There was no obligation on the part of the United States to slaughter the cattle or any portion of them for the Indians; and they were only bound to deliver the hides of such as they did slaughter, in case the Superintendent of Indian Affairs did not decide that they were required for the comfort of the Indians. If he decided that all were required by the Indians, that excused the United States from delivery to Lobenstein. He did, in effect, so decide when the Commissioner directed that the cattle should all be delivered on foot. Lobenstein took this risk when he entered into the contracts, and he undoubtedly made his calculations of profits in case of success accordingly. The best evidence of this is to be found in the fact that he claims in this action to recover more than $15,000 for alleged loss of profits, while he has actually expended in preparation to meet his obligations only $1,256.75.

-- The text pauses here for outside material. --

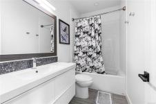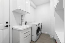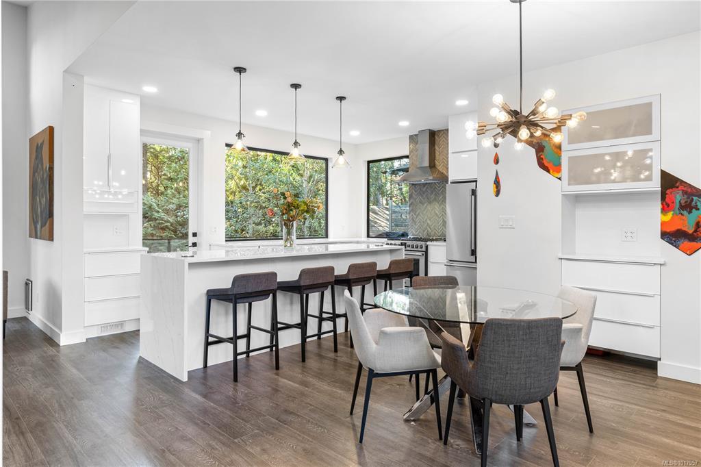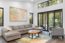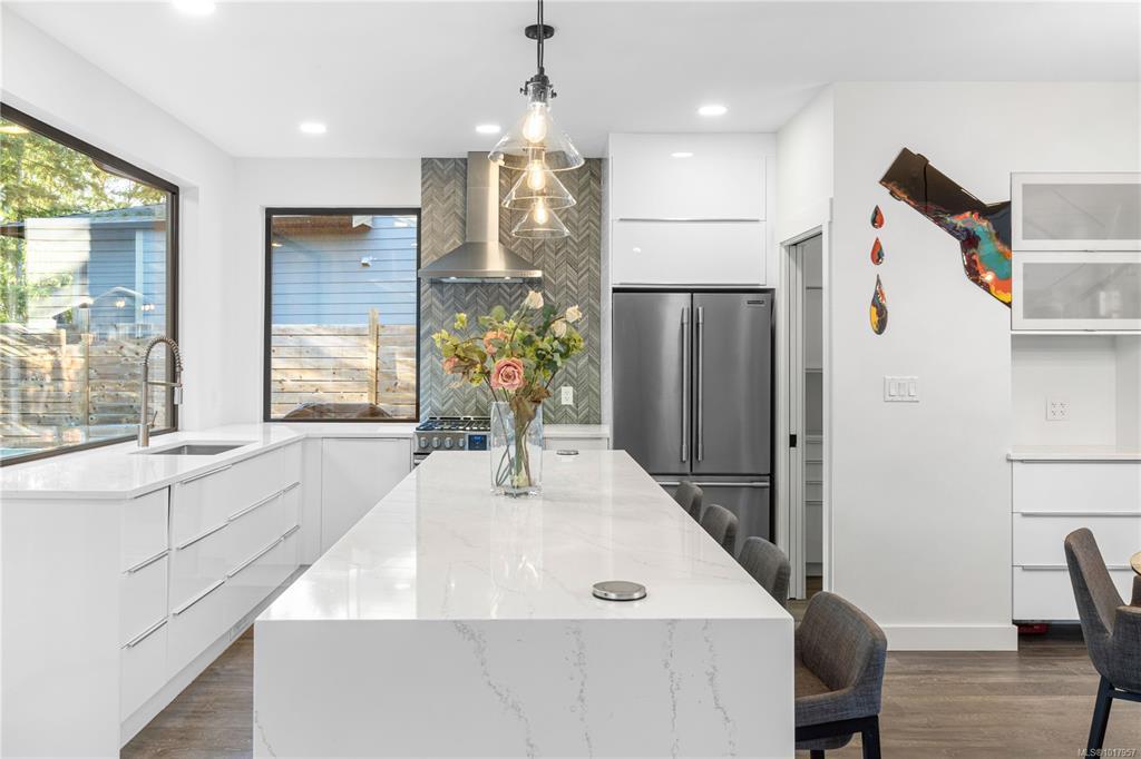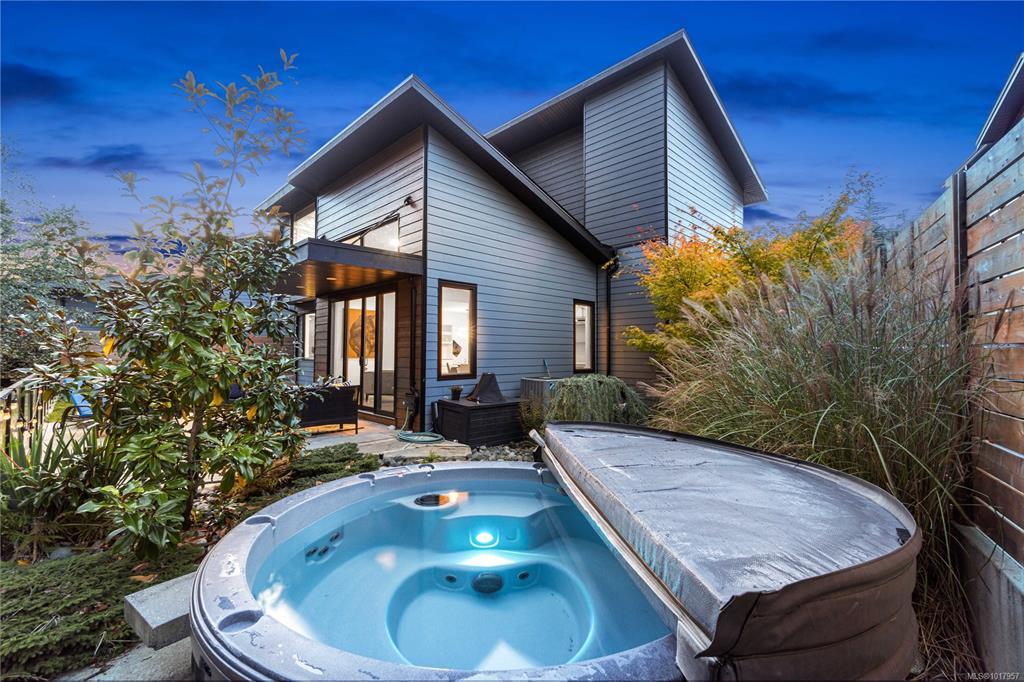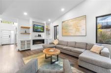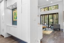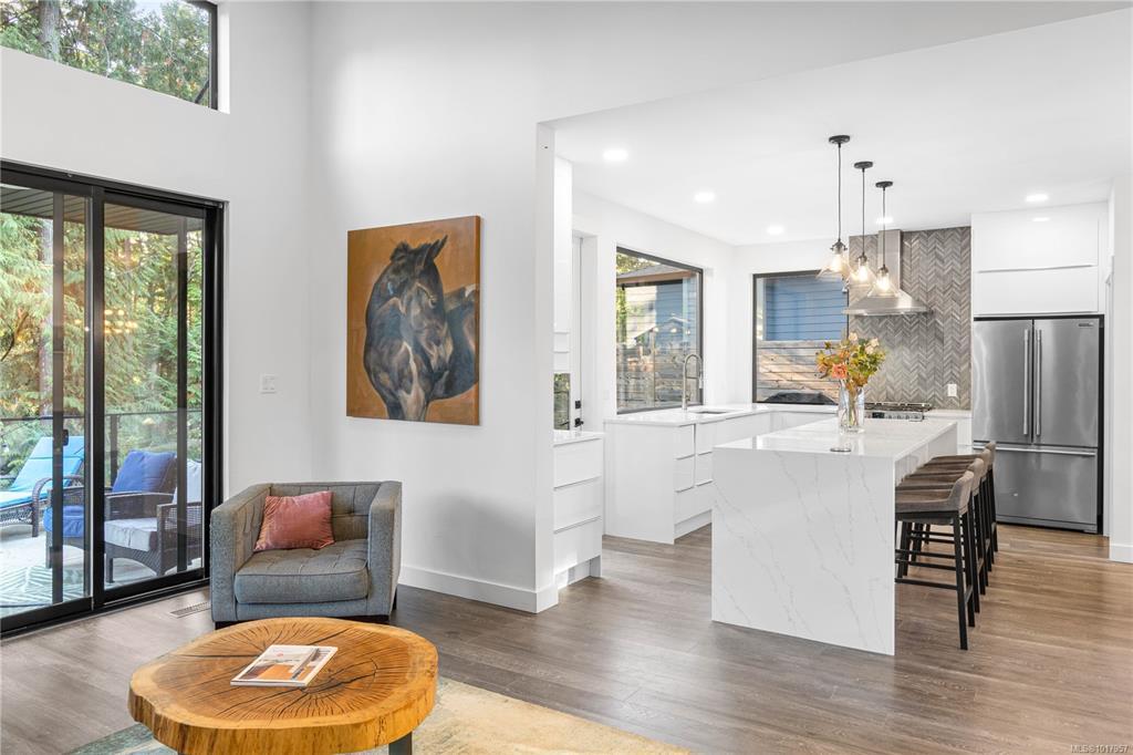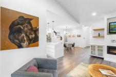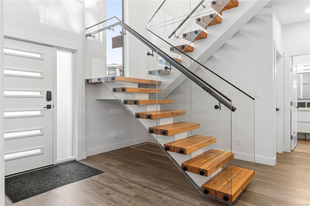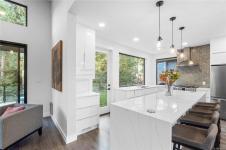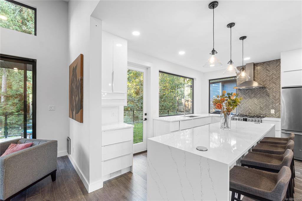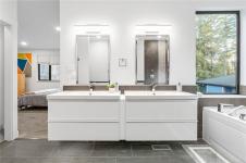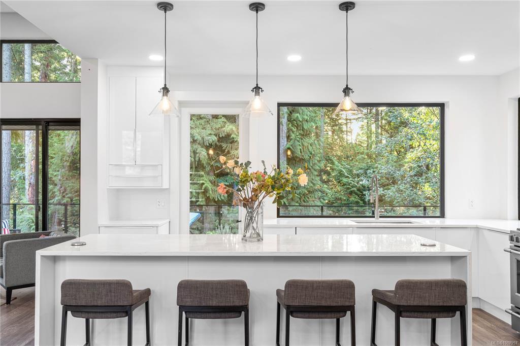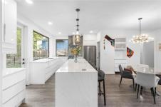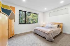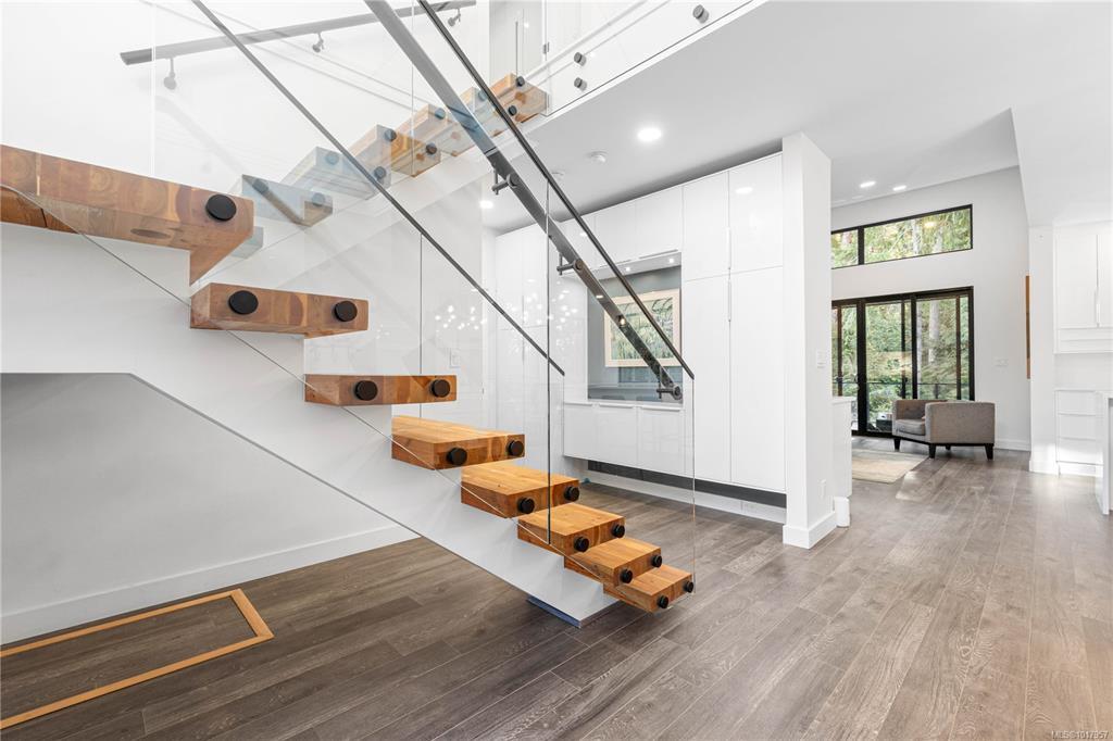 Featured in a leading modern home magazine, this architectural masterpiece blends style, function, and comfort. A floating glass staircase, vaulted ceilings, and open, light-filled layout create a striking first impression. The designer kitchen showcases a counter-to-ceiling picture framed window and butler’s pantry, while the living area opens to a large patio with glass railings and a hot tub surrounded by forest views. Upstairs offers a luxurious master suite with spa ensuite and walk-in closet, two additional bedrooms and a full bath. The lower level includes an office and versatile rec room/bedroom with powder room, perfect for bonus family space. Above the garage, a private one-bedroom suite adds flexibility for guests or income. Set on a large partially treed lot, new stairs now provide direct access from the backyard into over 400 acres of parkland - the ultimate connection between modern living and nature.
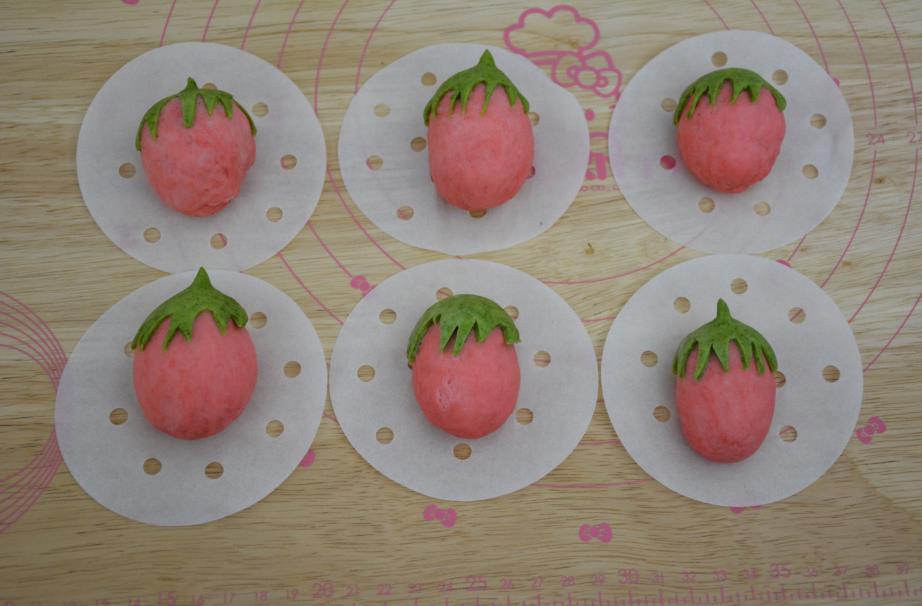 面粉100g 紅絲絨液幾滴 抹茶粉2g 細砂糖10g 酵母1g 玉米油2g 牛奶65g

The estimate of the number of hides as made in the contracts does not create an obligation on the part of the United States to deliver that number. That estimate was undoubtedly intended as a representation of the probable number of cattle that would be delivered to the Indians. In point of fact, the number actually delivered was very much less. Neither party could determine how many would be reserved by the Commissioner for the use of the Indians. Therefore, necessarily, when the contract was made, the number specified could not have been understood to be a guaranteed number. If that number or its approximation was not guaranteed, none was. It follows as a consequence that this claimant has no right of action. He took his risk, and insured himself in his anticipated large profits if his venture proved a success.
The judgment of the Court of Claims is affirmed.